Steven Ralph Herbert (born 30 April 1954) is a former Australian politician. He was a Labor Party member of the Parliament of Victoria from 2002 to 2017: in the Victorian Legislative Assembly as member for Eltham from 2002 to 2014, and in the Victorian Legislative Council for Northern Victoria Region from 2014 to 2017.

Until he resigned in October 2016 for using taxpayer money to chauffeur his dogs on several occasions, Steve Herbert was the Victorian Minister for Training and Skills.

==Education and employment==
Herbert was born in Melbourne, and attended Glenroy Technical School (1965-70), received a Diploma of Arts in 1975 from Swinburne University of Technology, and a Diploma of Education in 1977 from Melbourne State Teachers College.

Living in Melbourne's northern suburbs most of his life, Herbert taught at several schools including at his alma mater, Glenroy Tech. He was subsequently a state organiser for the Labor Party and a senior electorate officer to Senator Kim Carr.
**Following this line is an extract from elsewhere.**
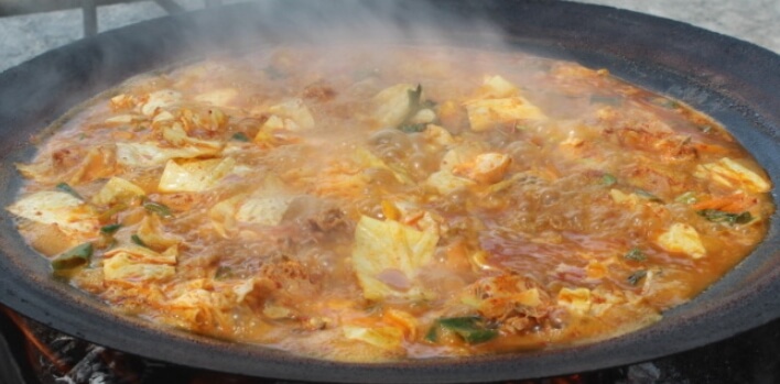 처음부터 끝까지 참나무장작과 숯불로 끓여내는 깔끔하고 깊은 국물맛의 솥뚜껑닭볶음탕의 맛을 느낄 수 있습니다.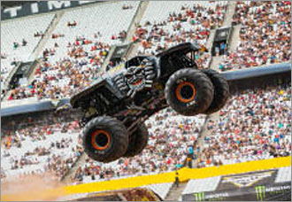 直径1.7メートルの巨大タイヤを装着した、全長5メートル以上の重量級トラック (4.5トン/2,000馬力) がレース場となるペトコパークを爆走し、炎の中をくぐり、障害物を越えて轟音とともに宙に舞うスペクタクル。

From 1999 to 2002, he was chief of staff to Lynne Kosky, the then Victorian Minister for Education and Training and Minister for Finance.

==Parliamentary career==
Steve Herbert was preselected as the Labor candidate for the Liberal-held seat of Eltham prior to the 2002 state election, and defeated sitting member Wayne Phillips in Labor's landslide election victory.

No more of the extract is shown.